Mrs. Sato approached, all business. "The software is an old version of Ichitaro," she said. She placed a thin manual and a box of 3.5-inch floppy disks on his desk. "The previous boy used its table functions for the ledgers. Do you know how to use it?"
Riku looked at the Japanese software manual. He'd never heard of it.
"I'm a fast learner," he said.
........
He booted up the ancient machine. It groaned to life with loud beeps.
He started with the paper files. His fingers found a rhythm on the clacky keyboard. Then he turned to the floppy disks.
He inserted the first one. The machine whirred, clicked, and then fell silent.
An error message popped up. It was a string of Japanese characters whose meaning was universal: Disk Unreadable.
He tried another. Same result.
A cold knot formed in his stomach. The most critical data were likely lost.
He remembered reading about old tricks. Folk remedies from the dawn of the computing age.
He took the first failed disk. He tapped it gently against the side of the desk. He reinserted it.

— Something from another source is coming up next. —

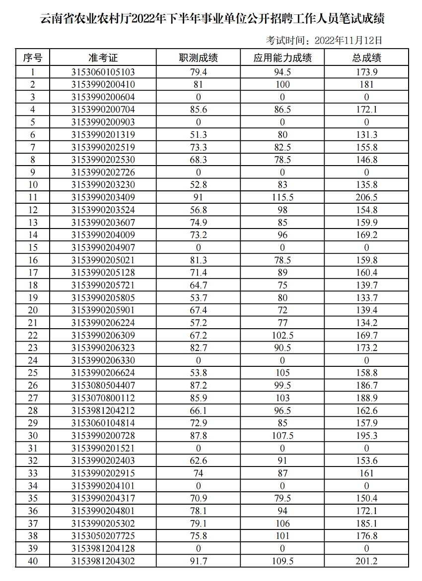 根据《云南省农业农村厅2022年事业单位公开招聘工作人员公告》要求,现将云南省农业农村厅2022年下半年事业单位公开招聘工作人员笔试成绩进行公告。考生可根据准考证号,可在全国人事考试服务平台(http://zp.cpta.com.cn/tyzpwb/?examid=dCdI)或本公告所附的《云南省农业农村厅2022年下半年事业单位公开招聘工作人员笔试成绩》中查询笔试成绩。在2022年12月9日前工作时间内,对考试成绩有疑问的可向云南省农业农村厅申请查疑,逾期不予受理。资格复审及相关后续事宜另行通知,考生可在云南省农业农村厅网站(https://nync.yn.gov.cn/)查看,请保持报名时登记的联系电话畅通。

The drive whirred. It clicked. And then, a single file icon appeared on the screen.
His heart leaped. He quickly copied the file to the computer's tiny hard drive.
He tried the next disk. Nothing.
He remembered a more obscure technique. He had seen it in a documentary. A minuscule change in temperature could sometimes allow a misaligned drive head to read the data.
He looked around. Mrs. Sato was on the phone, her back to him.
He cupped the stubborn disk in his hands. He breathed on it, the warm, moist air fogging the plastic. He rubbed it between his palms for a full minute, transferring his body heat to the delicate object.
With his heart in his throat, he slid the warmed disk into the drive.
The machine whirred, clicked, whirred again. It was a longer, more promising sound this time.
And then, two more file icons appeared.
A slow smile spread across Riku's face. It was a bizarre, archaic solution for a bizarre, archaic problem.
One by one, he performed the strange ritual, coaxing secrets from forgotten machines.
........
By late afternoon, he had recovered data from all but two of the seventeen disks. He had integrated them with the paper files. The unified ledger was taking shape.
He was so engrossed, he didn't notice Mrs. Sato standing behind him.
"How are you progressing, Hayashi-san?"
He turned, startled. "Ah, Sato-san. It's going well. I've recovered most of the digital files."
She raised an eyebrow. "Recovered? The last boy said they were corrupted."
"They just needed a little… persuasion," he said with a tired smile.
Her eyes flickered to the screen. Neat columns of data now stood there. She didn't ask how. She simply gave a short, sharp nod.
For the first time, her expression held a flicker of respect.
At five o'clock, Mr. Watanabe emerged from his office. "Report," he said.
"I've consolidated the paper records and recovered about ninety percent of the digital files," Riku said. "I've created a preliminary master ledger. The core data is there."
Mr. Watanabe peered at the screen. He scrolled through the file. The silence stretched.
"Hmph," he grunted finally. He looked at Riku. "Not bad for a first day. Don't be late tomorrow."
It was the highest praise he could have hoped for.
He bowed and left the office. The tension drained out of him.
The evening air was cool on his face. He had survived. More than that, he had proven his worth.
The message on the card echoed in his mind. Second chances are earned, not given.
Today, he had earned his salary. He had earned that flicker of respect. And he had earned that gruff approval.
He started the walk home, his new wool coat pulled tight. He felt, for the first time, not like a lost man.
He felt like a man with a job to do. A man with a place in the steady, rhythmic hum of the city of Torai.